On pg 254 of the Essence of the Bhagavad Gita, Yoganandaji is quoted: "Conditions are always neutral ... They only appear good or bad, joyful or sad, fortunate or unfortunate owing to the positive or negative attitudes [and expectations] of the mind." Could you please explain this quotation? How are conditions which produce suffering, like illness, neutral? Similarly, how are conditions like the meditative state where we experience joy, peace, even bliss neutral?

—Sameera, India

Answer

Dear Friend,

In the deepest recesses of the human mind (and the cosmic mind behind all things), bliss is the only reality. The unceasing flux of pleasure and pain and all the pairs of opposites necessarily means they are conditional states of being. Just as scratching a mosquito bite can feel both pleasurable and painful, the conclusion that one sensation is pleasurable and another painful is determined by the response of the lower mind (ego) to the sensation.

Saints and masters have continually demonstrated the power to rise above pain (and pleasure). The Spirit is victorious over all conditional states, whether objective or subjective. Meditation, more than any other single tool, can re-direct our self-identification from the body and ego-mind to our eternal, ever-blissful, ever unconditioned Self. It is in the Self, therefore that we are above suffering.

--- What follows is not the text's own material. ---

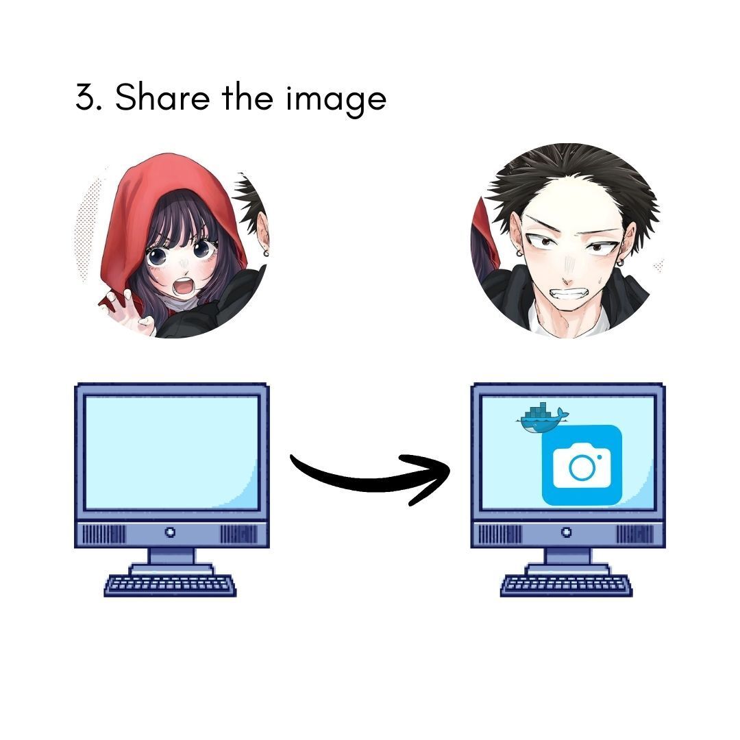 You could just send your friend the file & your code and tell him to build a container based on that.

Buddha demonstrated this. Jesus did so on the cross (when he forgave his tormentors). Yogananda gave several demonstrations of being pain-free in the midst of the body’s obvious injury or pain. Our teacher, Swami Kriyananda, used to test himself by never taking Novocaine when he went to the dentist (which was frequently owing to childhood deprivation).

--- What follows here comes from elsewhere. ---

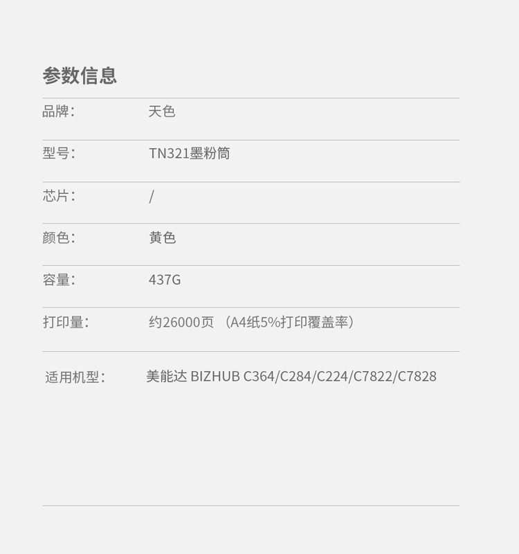 > 办公耗材 复印纸 硒鼓 > 打印耗材 > 硒鼓 > 天色 粉盒 TN321 黄色Y (适用于KonicaMinoltabizhubC364/C284/C224/C7822/C7828)阳光旗舰版| 产品名称 : | 天色 粉盒 TN321 黄色Y (适用于KonicaMinoltabizhubC364/C284/C224/C7822/C7828)阳光旗舰版 |

I know what I am saying sounds extreme to the average person but many adepts have demonstrated “mind over matter.” Great saints have raised the dead or resurrected their own bodies from the ether of atoms to appear to a disciple.

And yes, even the joy of meditation is something we should accept with equanimity for we cannot know how long or deep it will last. Every great saint attests to the “dark night of the soul (ego, actually)” wherein at some point, usually right before samadhi or enlightenment, the inner light of divine consolations are removed as the final test of faith. If at the point of what seems like utter destruction of one’s consciousness one remains steadfastly conscious and in surrender to God, the test will be passed and the light returns.

So, YES! I am not saying this is easy to do but it IS worthwhile to live in this way and with this expectation of our own transcendent, ever-blissful nature as our true reality. Is it not true that when you have a cold or illness or are injured (or are poor, despised, rejected) that we know intuitively that such conditions are foreign to us and (should be) but temporary? Do we not reject pain (and are suspicious of pleasure) as a lasting, permanent reality?

At the same time, we also feel that pain (or pleasure) will, from that point forward, be our permanent reality? We go back and forth, in other words, in our response to these high and low states. “Fiat lux” All is flux! Cling to God; cling to the soul’s blissful nature! God alone as one great saint would put it: God alone!

Chant with the Adi Shankyacharya: “I am free, I am free, blissful Spirit I am HE!”